Recently, murmurs in the development community have posited that mainly because of its strong supply chains and high profitability, a re-tooled tobacco industry might be a suitable development partner. A recent article by tobacco farming researchers across six countries systematically debunks this notion by demonstrating why the tobacco industry has proven to be a mostly unequal and often unfair partner with farmers.
Largely using a series of studies across five major tobacco-growing countries (Indonesia, Kenya, Malawi, Philippines and Zambia), the researchers point to some crucial dynamics that suggest a poor economic arrangement for tobacco farmers. A crucial part of the problem is that most tobacco farmers in lower-income countries are on contracts with leaf-buying firms. These contracts typically create a situation of price-taking by the farmers: the tobacco leaf-buying companies (usually either a multinational cigarette manufacturer or a multi-billionaire dollar leaf-buying multinational) are the sole dictators of both price and quality (price is also greatly shaped by the quality assessment) leaving farmers with little to no leverage… and low, low prices when they sell.
These studies also document that contract tobacco farmers are often further taken advantage of in their contracts because the prices of the contract inputs are significantly higher than market prices. Working mostly in credit-scarce contexts, farmers begrudgingly accept these poor terms.

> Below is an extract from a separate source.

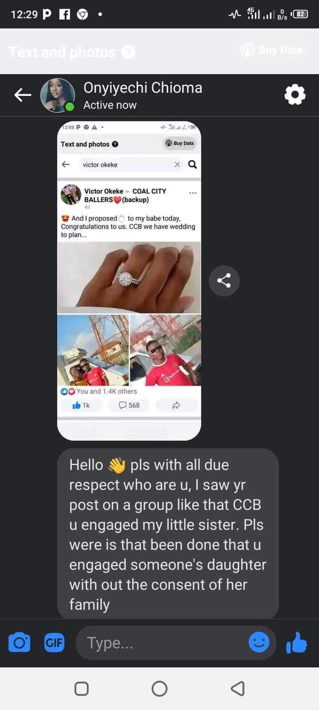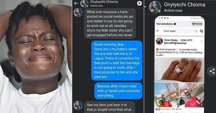 “She can never marry before me” – Chats leak as lady blasts man for getting engaged to her younger sister (Video)

As a result of these inequities, tobacco farmers are faring poorly. The figure below demonstrates the economics of being a tobacco farmer. Incorporating only direct costs (“unadjusted”) such as fertilizer, agricultural chemicals and hired labour, most farmers are working at an operational loss. When even a small value is assigned to household labour (“adjusted”), the farmers’ losses are typically significantly greater. One of the reasons that the tobacco industry is so profitable is that they successfully keep their own costs—and farmers’ incomes and profits—down. (See Above Figure)
So, what are the solutions? A new initiative spearheaded by the United Nations Development Programme aims to introduce innovative financing through a social impact bond to help farmers move to viable alternative economic livelihoods. The developing plan—with a pilot planned for Zambia and one other country— will seek to address some of the key structural difficulties faced by tobacco farmers by a) linking farmers more effectively to buyers for alternative crops; b) helping farmers access credit successfully; c) creating circumstances wherein farmers can earn cash from their economic activities; and d) creating educational opportunities for farmers to engender their non-tobacco livelihoods.
The best potential partners will be those with a vested interest in engendering economically just livelihoods for these farmers, including but not limited to governments, inter-governmental organizations and private businesses with a commitment to both profit and fundamental economic fairness.